Indeed, the results from the study seem to support his hypothesis. He and Petrie discovered that the condition and length of the peacock’s tail was related to the production of B-cells, and the size of the eye spots to T-cell production"
“Our main finding is that females are looking at different aspects of a male’s immune competence,” said Moller. Males, in effect, are walking billboards advertising their health and status."
> Runway fashions are meant for those who can wear them, just like Ferrari is
> meant for those who can afford it.
I’ve never seen anybody wear runway fashions, including people as thin as runway models. In so far as there are changes in the styles of clothing that nearly anybody wears, they happen very slowly and don’t appear to be following the runway fashions. Indeed, I suspect any influence goes the other way. Every once in a while some fashion designer will copy some street fashion.
The same thing appears to me to be happening with fashions in body style. It was claimed that there was a trend for “heroin chic” in women in the 1990’s, while today there is a trend for women being pumped up. I don’t see any evidence that such a thing has actually happened anywhere except in the minds of the several dozen fashion czars who control what image of women is shown on fashion runways, women’s magazines, TV shows, movies, etc. In so far as there is any real change in what most people’s bodies look like, the statistics say there has been a trend among American men and women for putting on weight (and not muscle) over the past twenty years.

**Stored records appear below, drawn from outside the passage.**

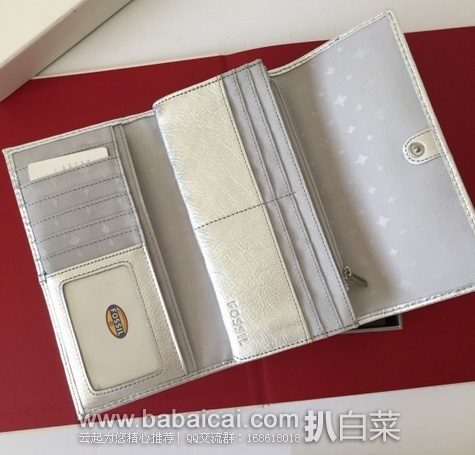 Fossil Marlow Flap Clutch化石女士三折翻盖钱包,采用100%真皮面料,复古做旧铜扣,外形尺寸为长19 x宽10 x 高2.5厘米,内部包含多达12个信用卡槽,2个钞位,1个带拉链内袋,1个证件窗,背部还有一个拉链滑袋,外形好看,功能也很实用。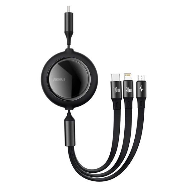 Cáp Sạc Dây Rút 3 Đầu Baseus Bright Mirror | Type-C to M+L+C Sạc Nhanh Laptop Điện Thoại 1.2M, 100W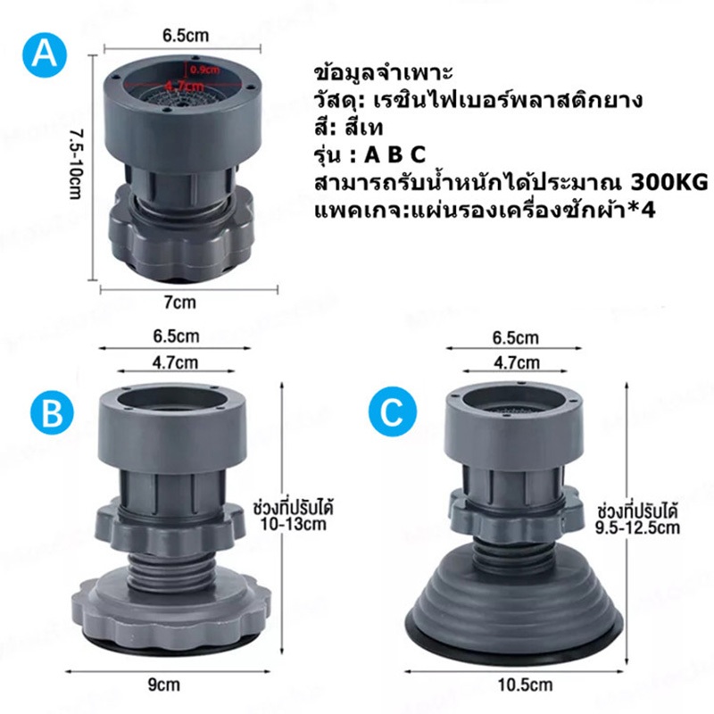 ขารองเครื่องซักผ้า 4ชิ้น ขายาง ฐาน ฐานรองปรับความสูง ขายางกันสั่น กันลื่น กันเสียง ใช้ได้กับเครื่องซักผ้า ตู้เย็น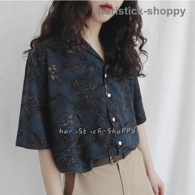 アロハシャツ レディース トップス シャツ ブラウス シャツブラウス 半袖 五分袖 オープンカラーシャツ 開襟シャツ 花柄 ボタニカル柄 総柄 柄シャツ ゆったり 体型カバー カジュアル おしゃれ フリーサイズ 夏 ネイビー ブルー 20代 30代 40代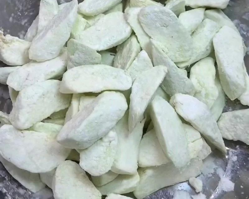 浸泡后捞出茄子清水洗净,倒出清水撒上淀粉,抓拌均匀。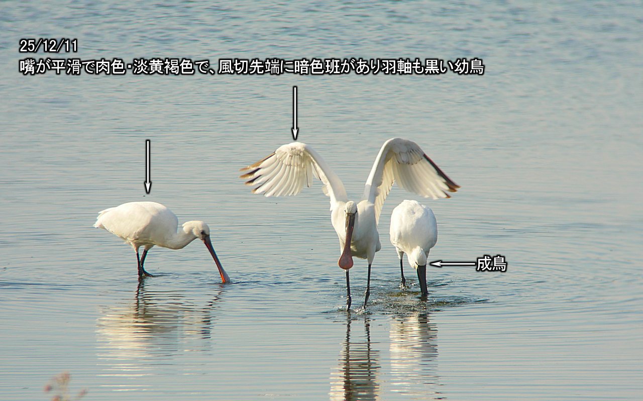 12月に入って、ヘラサギは午前中に成鳥1羽と幼鳥2羽のグループが南池にいることが多くなってきた。採餌しているのが観察できる。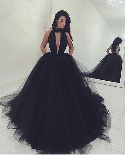 2.Color: picture color or other colors, there are more than 100 colors are available, please contact us for more colors for this Halter Black Tulle Long Backless Prom/Evening Dress .
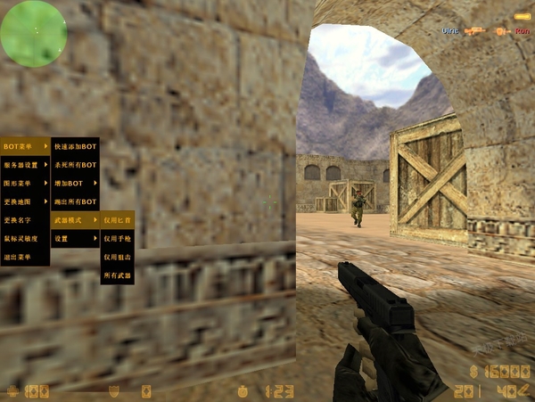 在游戏内,按下“H”键,然后依次点击“BOT菜单”→“武器设置”。在这里我们可以指定人机使用刀、手枪、狙击和所有武器,通过简单的操作就可以让人机按照我们的设定来使用特定类型的武器。

I think the assumption that the ornaments correlate wth increased risk is not a given. Clearly, if having grand tails were a significant risk, selection pressures would drive the trait to more modest proportions. Some researchers have found that the elongated tails even aid in protecting peacocks, as inexperienced predators will often leap upon the tail, rather than the body of the bird, giving it a chance to escape. My point here is that assumptions about preceived negative risk, or squandering of resources, or however one might wish to phrase it is based more on human perceptions about what “should” be than what really is. The simplest explanation is that the peacock’s tail is of sufficiently large size to act as an advertisement for health and vigor (i.e., for “good genes”), and not as burdensome as human sensibilities might expect. The tail did not evolve in isolation as a sexual display, at the cost of anything.

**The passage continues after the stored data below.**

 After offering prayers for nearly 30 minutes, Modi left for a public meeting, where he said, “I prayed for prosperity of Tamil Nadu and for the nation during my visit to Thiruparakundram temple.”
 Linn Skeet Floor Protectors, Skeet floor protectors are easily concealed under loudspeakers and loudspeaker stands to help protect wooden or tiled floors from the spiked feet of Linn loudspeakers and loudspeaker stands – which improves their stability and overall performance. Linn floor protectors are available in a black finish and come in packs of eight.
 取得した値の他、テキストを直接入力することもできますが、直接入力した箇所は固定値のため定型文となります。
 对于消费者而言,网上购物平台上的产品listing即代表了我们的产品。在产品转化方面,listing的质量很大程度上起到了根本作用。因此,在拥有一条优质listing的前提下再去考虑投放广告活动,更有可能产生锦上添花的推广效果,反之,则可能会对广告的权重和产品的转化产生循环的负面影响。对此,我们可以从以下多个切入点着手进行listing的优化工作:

This can only work if the ruse is successful, in which case the individuals fooling their prospective mates with their false ornaments will still be found out in subsequent generations. If the specimen is truly not up to par, then even if he does manage to attract a mate over his more “fit” rivals, his offspring will suffer for it.

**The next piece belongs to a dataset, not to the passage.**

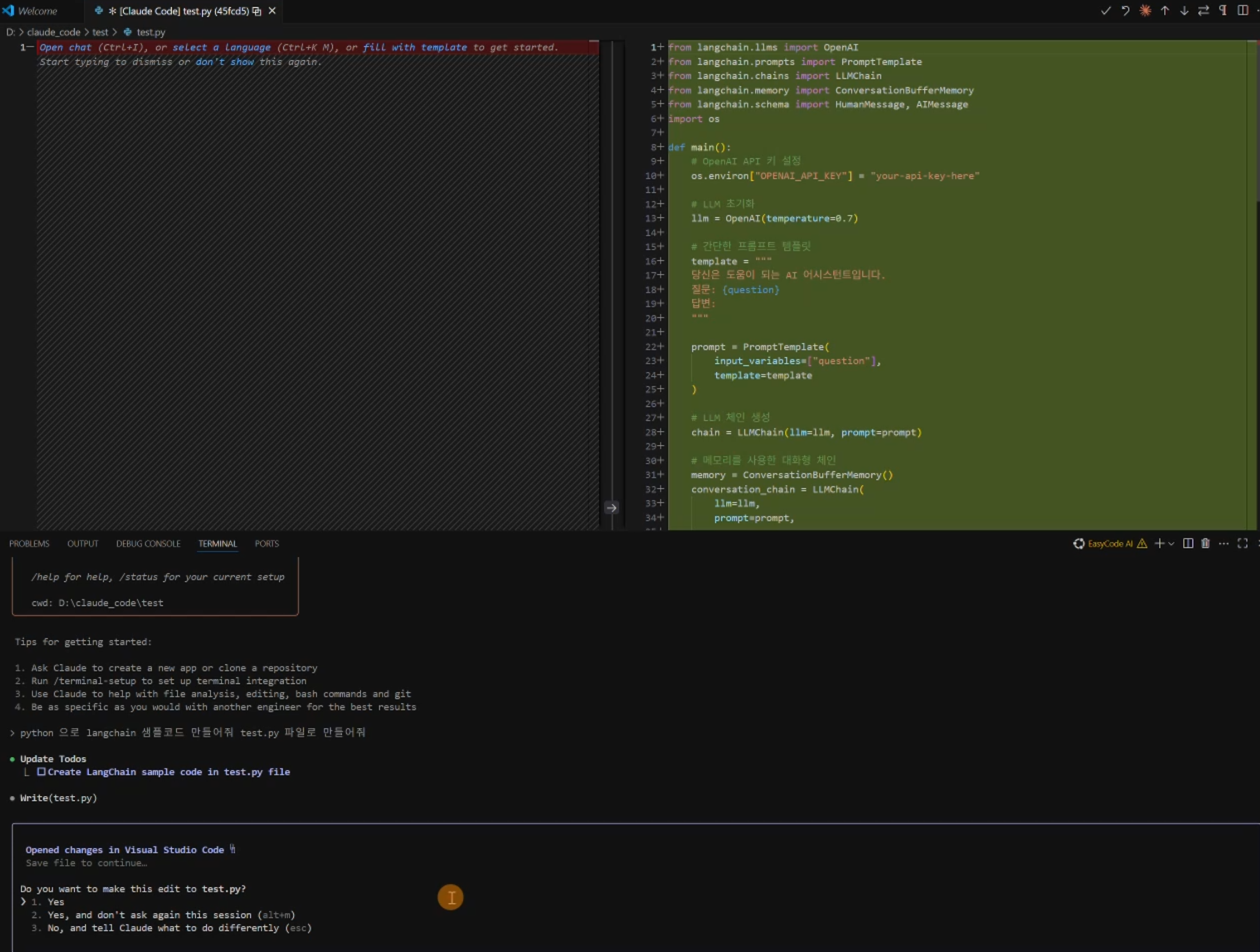 간단하게 python 으로 langchein 예제를 만들어 달라고 했습니다.

Note, however, that the key to natural selection is that on average, such individuals will ultimately not be successful. It matters not if one, or even a few, individuals manage to fool their mates with grand displays which, in their cases, do not accurately signify their true genetic stature (so to speak). Those who are the real deal will still get the goods more often (especially since there is very often more to successful mating than mere display; you have to be able to walk the walk, not just talk the talk, when rivals come a-courtin’).
It’s not a matter of motivation, it’s simply a matter of differential survival among species, rather than individuals. Mass extinctions, for example, are an obvious instance of such differential survival - some species weather the environmental changes, some die off.